In this case, there are 196 different equally likely outcomes, so it’s not all that much fun to write them all out, but that’s what computers are for. Here’s R code to compute the desired probability:



days <- c("Monday", "Tuesday", "Wednesday", "Thursday", "Friday", "Saturday", "Sunday")
sexes <- c("Boy", "Girl")
events <- data.frame(expand.grid(sexes, sexes, days, days))
names(events) <- c("Sex1", "Sex2", "Day1", "Day2")
index <- (events[, "Sex1"] == "Boy" & events[, "Day1"] == "Tuesday") | events[, "Sex2"] == "Boy" & events[, "Day2"] == "Tuesday"
events.good <- events[index, ]
index2 <- events.good[, "Sex1"] == "Boy" & events.good[, "Sex2"] == "Boy"
p <- nrow(events.good[index2, ]) / nrow(events.good)


p works out to be 13/27, or slightly more than 0.48.

Then call it “the one I know the gender of…”

I happen to know a family with two children, and I have verified that the two children are not both girls.

So which of the two children do you know the gender of?

Since that’s just a convoluted way of saying that at least one is a boy, I know the gender of the one that is a boy.

You don’t necessarily have identifying information, and the tricky bit of the problem is that it isn’t giving you any, despite appearances.

No important difference. The problems are that (1) there’s no promise that the children are distinguishable by any attribute other than sex, and even then it would only distinguish them if they happen to be different, and (2) even if there is some such attribute, you haven’t been given any information tying “the one with attribute X” with his or her sex.

In particular, there is no “child that you know”. The language of the original problem that we’re talking about (if it’s the one I think) is: You have been told this family has a daughter. It’s tempting to imagine there’s one particular child — the oldest one, the blond one, the one whose name begins with a vowel, something — being revealed as a girl. But in fact the sentence only means, “the number of girls is at least 1”.

But you have no way of differentiating the two children, so there is no “that one” to refer to.

It’s sometimes easier to think in terms of absolute sets rather than probablities, so try this one on for size:

There are exactly 1000 families with two children in my hometown. I have indeed verified that in exactly 750 of them, the two children are not both girls. Of those 750 families, how many do you think contain two boys?
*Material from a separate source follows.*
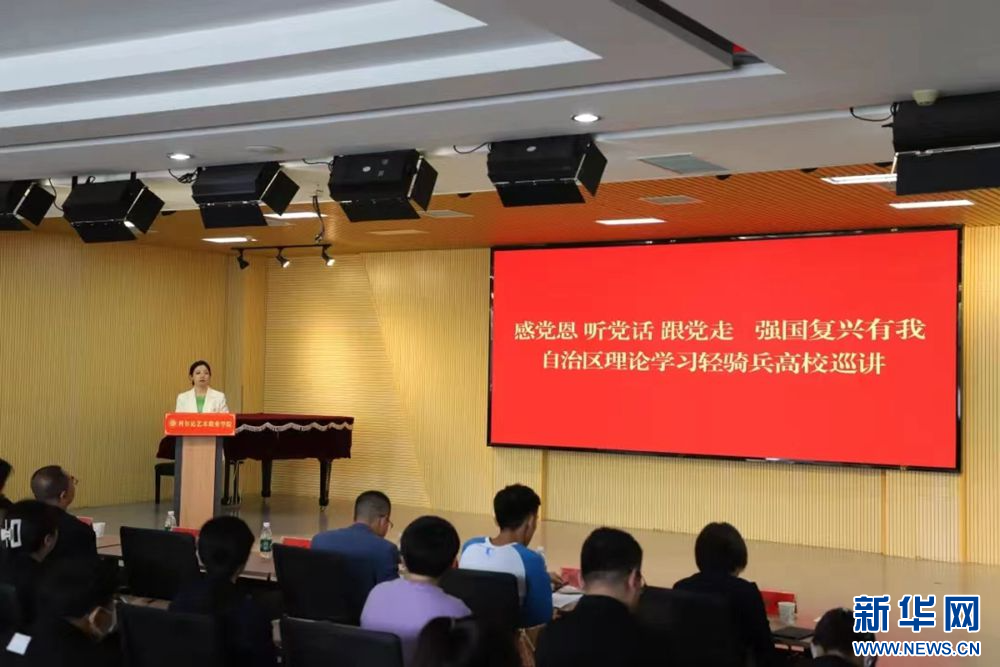 5月31日,“‘感党恩、听党话、跟党走’强国复兴有我”高校巡讲第3小分队走进科尔沁艺术职业学院,为广大师生进行主题宣讲。新华网 发

Right, and if the daughter, whose gender you have revealed, has been selected randomly, then birth order or hair color or whatever else plays no part in the equation. Thus, I break it down as follows.
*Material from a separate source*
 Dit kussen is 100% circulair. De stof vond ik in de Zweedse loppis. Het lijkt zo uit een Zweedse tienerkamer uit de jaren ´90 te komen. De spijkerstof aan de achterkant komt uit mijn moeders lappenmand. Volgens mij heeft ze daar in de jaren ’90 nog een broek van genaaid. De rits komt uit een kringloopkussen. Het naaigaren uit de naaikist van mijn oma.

  1. The child whose gender I know is a girl, the other child is a boy.
  2. The child whose gender I know is a girl, the other child is a girl.
  3. The child whose gender I know is a boy, the other child is a boy.
  4. The child whose gender I know is a boy, the other child is a girl.

And the probability of the other child being a boy is 0.5

Only if the child whose gender you reveal was NOT chosen randomly can you come up with a probability of 1/3 for the second child being a boy.

The wiki articleactually has an explanation of the assumptions necessary for conditional probability to apply to this problem.

Yes, you can break it down that way, but the four possibilities don’t have equal probabilities. Say the child whose gender you know is a boy, then you’ve eliminated 1 and 2 and you’re left with 3 and 4. But 3 and 4 are not equally likely, i.e. 50-50. 4 is twice as likely as 3, because there are two ways for 4 to be true (boy oldest, then girl, or girl oldest, then boy), but only one way for 3 to be true.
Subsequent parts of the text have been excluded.